The quote represents the period of transcendence when one is truly in tune with themselves and their surroundings without being consciously aware of it. For example, I am an artist, so I recognize this as occurring when I zone in so completely to the process of the piece.  However, once I realize that this is occurring, the moment is gone.  I no longer see the tree with the lights in it.

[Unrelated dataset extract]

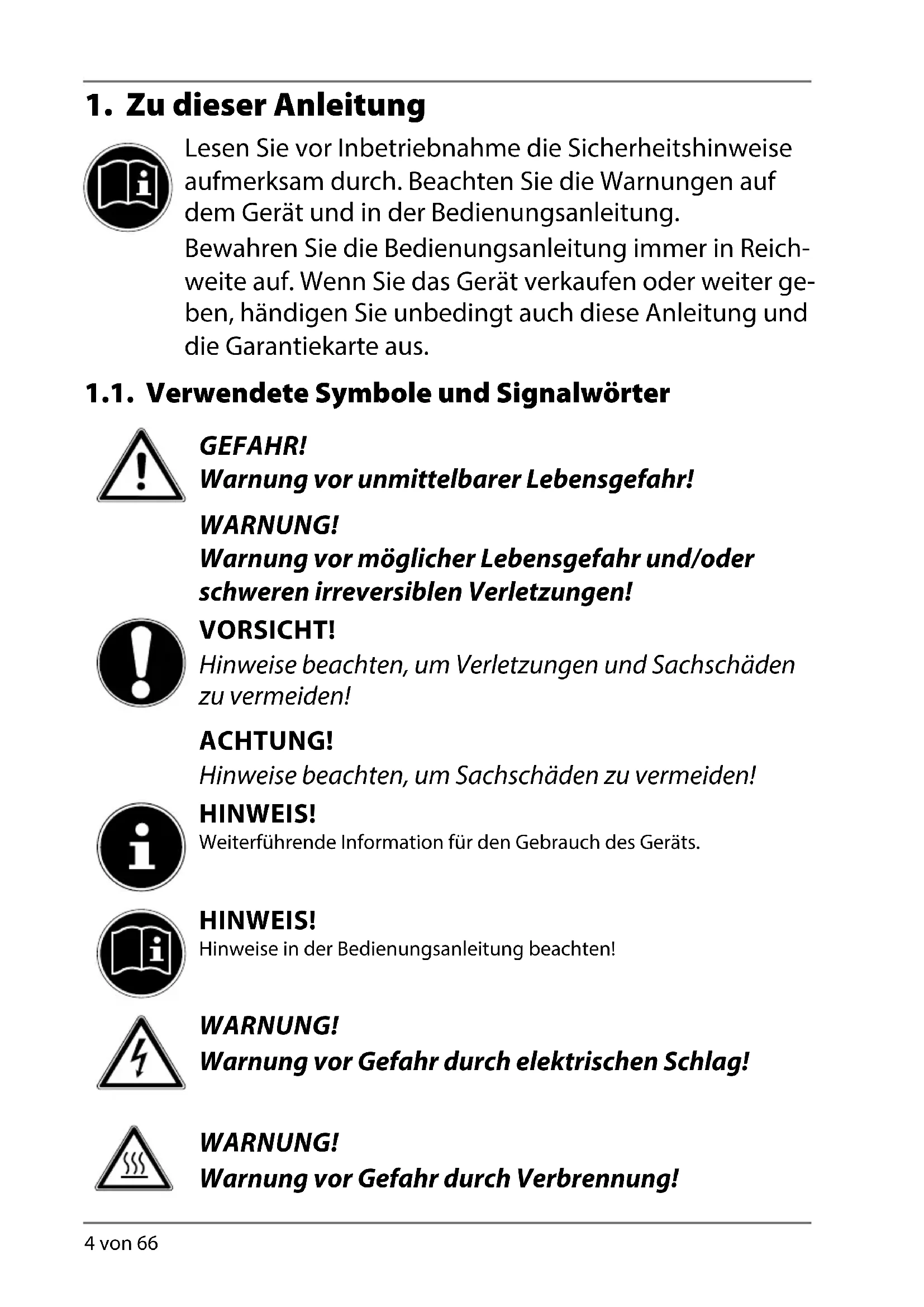 Lesen Sie vor Inbetriebnahme die Sicherheitshinweise aufmerksam durch. Beachten Sie die Warnungen auf dem Gerät und in der Bedienungsanleitung. Bewahren Sie die Bedienungsanleitung immer in Reich- weite auf. Wenn Sie das Gerät verkaufen oder weiter ge- ben, händigen Sie unbedingt auch diese Anleitung und die Garantiekarte aus. 1.1. Verwendete Symbole und Signalwörter GEFAHR! Warnung vor unmittelbarer Lebensgefahr! WARNUNG! Warnung vor möglicher Lebensgefahr und/oder schweren irreversiblen Verletzungen! VORSICHT! Hinweise beachten, um Verletzungen und Sachschäden zu vermeiden! ACHTUNG! Hinweise beachten, um Sachschäden zu vermeiden! HINWEIS! Weiterführende Information für den Gebrauch des Geräts. HINWEIS! Hinweise in der Bedienungsanleitung beachten! WARNUNG! Warnung vor Gefahr durch elektrischen Schlag! WARNUNG! Warnung vor Gefahr durch Verbrennung! 15717 MULI eCommerce Content RC2.indb 415717 MULI eCommerce Content RC2.indb 4 02.12.2014 08:48:0102.12.2014 08:48:01DE

When the doctor took her bandages off and led her into the garden, the girl who was no longer blind saw “the tree with the lights in it.”  It was for this tree I searched through the peach orchards of summer, in the forests of fall and down winter and spring for years.  Then one day I was walking along Tinker Creek thinking of nothing at all and I saw the tree with the lights in it.  I saw the backyard cedar where the mourning doves roost charged and transfigured, each cell buzzing with flame.  I stood on the grass with the lights in it, grass that was wholly fire, utterly focused and utterly dreamed.  It was less like seeing than like being for the first time seen, knocked breathless by a powerful glance.  The lights of the fire abated, but I’m still spending the power.  Gradually the lights went out in the cedar, the colors died, the cells unflamed and disappeared.  I was still ringing.  I had my whole life been a bell, and never knew it until at that moment I was lifted and struck.  I have since only rarely seen the tree with the lights in it.  The vision comes and goes, mostly goes, but I live for it, for the moment when the mountains open and a new light roars in spate through the crack, and the mountains slam.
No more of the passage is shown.